LAW & EDUCATION
Harvard Freshman Selection Litigation
Earlier this year, I briefly wrote about one aspect of the current litigation instituted by the group “Students for Fair Admissions” (the “SFA”) against Harvard College [See the June/July, 2018 issue of Education Update for background information concerning the litigation]. The focus of this earlier article was the confidentiality of college applications. However, the principal issue of the litigation is whether affirmative action can be utilized as part of the admissions process, by an educational institution receiving federal funding, in order to achieve the type of diverse community which the institution believes is a necessary part of its educational mission.

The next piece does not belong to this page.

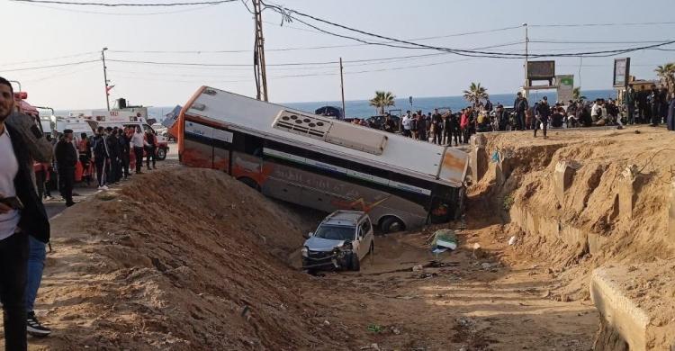 أصيب عدد من المواطنين، اليوم الجمعة جراء انقلاب حافلة كانت تقلهم غرب مدينة غزة.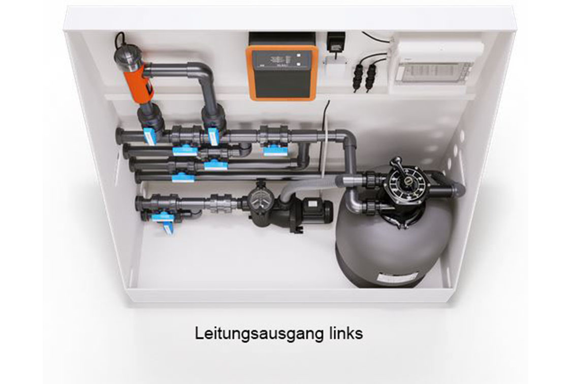 Die Technikwand kann direkt in Ihrem Poolhaus, in Ihrer Garage oder im Keller platziert werden. Die Auswahlmöglichkeit der Leitungsausgänge rechts bzw. links lässt jede Stellmöglichkeit zu. Dies sorgt für minimalen Bauaufwand, geringe Kosten und eine schnelle Inbetriebnahme.

The use of affirmative action has been previously discussed [See the September/October, 2013 and the January/February, 2016 issues of Education Update] in connection with another litigation also sponsored by the SFA. In “Fisher v. University of Texas at Austin”, the conservative Justices then on the U.S. Supreme Court raised serious questions regarding the need for continued use of affirmative action as part of the holistic approach being taken by most colleges, including Harvard, in determining the make-up of its entering freshman class. At that time, the Court permitted the continued use of affirmative action provided that “strict scrutiny” was utilized. Strict scrutiny permits the use of affirmative action if a showing can be made that other permitted techniques would not accomplish the desired objective.

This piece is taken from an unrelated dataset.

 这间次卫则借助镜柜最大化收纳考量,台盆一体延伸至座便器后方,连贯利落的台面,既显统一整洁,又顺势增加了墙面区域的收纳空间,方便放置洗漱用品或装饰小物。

The SFA structured the Harvard litigation in an attempt to, again, bring the issue of affirmative action before the Supreme Court at a time when the Court has become more conservative. As a result, there is a possibility that the use of affirmative action in the college selection process may be coming to an end.

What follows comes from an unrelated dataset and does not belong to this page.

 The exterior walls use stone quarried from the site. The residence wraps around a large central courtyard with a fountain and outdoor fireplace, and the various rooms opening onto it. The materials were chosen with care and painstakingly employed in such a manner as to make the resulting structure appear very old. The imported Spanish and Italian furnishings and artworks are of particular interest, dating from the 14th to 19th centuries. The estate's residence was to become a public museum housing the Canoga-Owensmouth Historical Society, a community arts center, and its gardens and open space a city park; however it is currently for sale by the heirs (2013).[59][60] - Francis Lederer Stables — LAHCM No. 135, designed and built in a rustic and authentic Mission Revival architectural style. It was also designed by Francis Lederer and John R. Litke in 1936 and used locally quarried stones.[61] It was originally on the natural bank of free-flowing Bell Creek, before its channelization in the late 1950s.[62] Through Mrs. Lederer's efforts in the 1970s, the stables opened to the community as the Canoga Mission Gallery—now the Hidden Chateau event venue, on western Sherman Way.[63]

The underlying facts of the case are interesting. In essence, the argument by the SFA is that Asian-American applicants to Harvard are discriminated against and held to a higher standard, in favor of both Caucasians as well as other minority groups. The SFA says that proof of such discrimination is that the percentage of Asian-Americans admitted to Harvard is significant less that the percentage of Asian-Americans applying to Harvard with high academic achievements.
Although 22.9 percent of this year’s freshman class at Harvard is Asian-American, if only academic achievements were considered, over 40 percent of the class would be Asian-American. At the same time, 15.2 percent of Harvard’s freshman class is African-American and 12.3 percent is Latino. Harvard contends (and the SFA appears to agree) that if race were not able to be considered during the admissions process, the percentage of African-American admittees would significantly decline.
In recruiting for its freshman class, more than 40,000 completed applications were received by Harvard for approximately 2,000 slots and, of this pool of applicants, over 3,400 had perfect SAT math scores, over 2,700 had perfect SAT verbal scores and over 8,000 of the domestic applicants had perfect high school grade point averages.
What complicates the matter is that, although approximately 2,000 freshman slots are available annually, certain applicants are favored in the first instance, as Harvard has a legacy system which significantly increases the probability of admission to qualified students whose parents or other relatives attended Harvard, as well as to students whose family have made, or are expected to make, significant monetary contributions to Harvard, to students of “exceptional athletic ability” and to students who are children of faculty members. These favored groups, which currently are overwhelmingly Caucasian, constitute nearly 40 percent of the high school seniors ultimately admitted to Harvard.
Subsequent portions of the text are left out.